The fact that most inbound international students heading to Korea are from low-income countries, whereas outbound international students from Korea go to developed English-speaking countries, such as the US and Australia, confirms that world systems theory applies to the student mobility network centered on Korea. In Korea, degrees obtained in developed countries, especially the US, are important for entering the upper class. This phenomenon is especially evident in academia, where a degree from the US is considered superior to a national degree when appointing professors (Kim, 2008; Shin et al., 2016). For this reason, despite the claims of some studies (e.g., Barnett et al., 2016; Jon et al., 2014) about new ISM flows, Asian students’ migration is still concentrated on traditional destinations. Asian students account for the highest percentage of international students enrolled in higher education. In 2017, 2.1 million students (56% of all international students) in higher education in OECD countries were Asian students, and two-thirds were concentrated in the US, the United Kingdom (UK), and Canada, which are traditionally preferred countries for studying abroad (OECD, 2019). Also, ISM from Asian countries has an outbound-oriented pattern due to factors such as the enthusiasm for higher education and economic growth in Asia. Despite the recent adoption of various strategies to attract international students from Asian countries to Korea, such as the Study in Korea Project, outbound-oriented student mobility remains more dominant than inbound-oriented student mobility.
However, although the fact that degrees obtained in the US and other Western countries are highly valued in the labor market can explain the orientation of long-term mobility toward advanced countries, it is more difficult to fully explain the orientation of short-term mobility toward advanced countries; hence, excluding long-term mobility leading to a degree, this study explored changing annual patterns of short-term mobility based on agreements between universities.
Methods
For the analyses, we drew the number of colleges and students participating in exchange programs from the Higher Education in Korea service at the Korean Council for University Education (Daehakalimi). 2 Data used in this study are analyzed only for credit exchanges based on university partnerships between short-term exchanges. This is a case where a ‘credit exchange agreement’ between universities has been signed and credits are recognized after taking ‘regular classes’ at the exchange university for a certain semester. This includes both online/offline credit exchange and is not equivalent to personal level of mobility such as language training. We used data from 2008, 2013, and 2017 3 to track changes in the number of participating universities and students over time. Each time point was a public disclosure, and the actual time point for the data was the previous year.
Description of Korean Universities.
Based on the collected data, we used descriptive statistics to analyze how Korean university exchange programs had changed over the past decade. We analyzed the detailed patterns of exchange programs based on the types and missions of 4-year Korean universities. For the analysis, based on the characteristics of exchange programs through which mutual student exchanges occurred between two universities based on an agreement, we analyzed the links of the 4-year Korean universities with foreign universities, together with the inbound and outbound student data for each Korean university.

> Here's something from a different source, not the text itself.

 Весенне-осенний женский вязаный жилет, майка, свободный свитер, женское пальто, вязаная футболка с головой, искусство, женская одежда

We collected the data for this study exclusively from universities in Korea, imposing the limitation that partnership information should not be collected from foreign universities that had exchange agreements with Korean universities.
Findings
Differences in international partnerships based on institutional characteristics
The mobility of students based on institutional characteristics.
Overall, more comprehensive universities than research universities tended to attract a higher proportion of inbound international students from East Asia. Most foreign students from developed countries, especially those from North America, studied abroad at research universities. The proportions of inbound students from North America attended research, research-active, doctoral, and comprehensive universities, in that order. Across all university missions, the proportion of Korean students studying abroad in East Asia decreased, but the number of Korean students studying abroad in Europe increased. In top-ranked research and research-active universities, the proportion of Korean students studying in North America gradually decreased. In contrast, doctoral and comprehensive universities tended to have higher proportions of Korean students going to North America.

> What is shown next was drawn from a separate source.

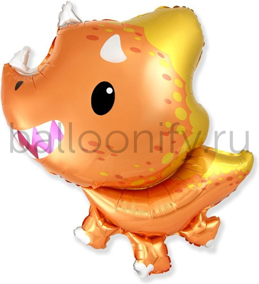 Шар (32''/81 см) Фигура, Динозаврик Трицератопс, Оранжевый, 1 шт.
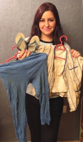 ظهرت هديل خير الله في الصورة وهي تحمل بيدها ملابس دورها في فيلم " العفاريت".

In the case of research-active and comprehensive universities, the proportion of Korean students studying abroad in Southeast Asia increased between 2008 and 2013; however, the growth rate recently declined. In doctoral universities, the proportion steadily rose in 2008–2013 and 2013–2017.
1) Inbound students
We analyzed the distribution of the increasing number of inbound international students according to university missions. As shown in Figure 1, in the case of research universities, inbound international students to Korea came from various continents. In 2008, the inbound student population of research universities came from North America (40.6%), East Asia (29.3%), and Europe (19.9%), and was more or less evenly distributed across continents. However, in other types of universities, East Asian students constituted the majority of inbound international students. In particular, the more comprehensive a university was, the higher its proportion of East Asian inbound students. In 2008, 84% of East Asian students attended comprehensive universities—nearly three times higher than the number attending research universities. The inbound flow from East Asia has appeared to lessen recently. Comparing the 2008 and 2017 figures, East Asian students in all types of universities gradually decreased, whereas students from Europe and Southeast Asia increased. In particular, inbound international students from Southeast Asia ranged from 1.5% (in research-active universities) to 6.0% (in research universities) in 2008, but from 9.3% to 22.9% in 2017—a rapid increase in the space of 10 years. The ratios of inbound students by origin according to each mission.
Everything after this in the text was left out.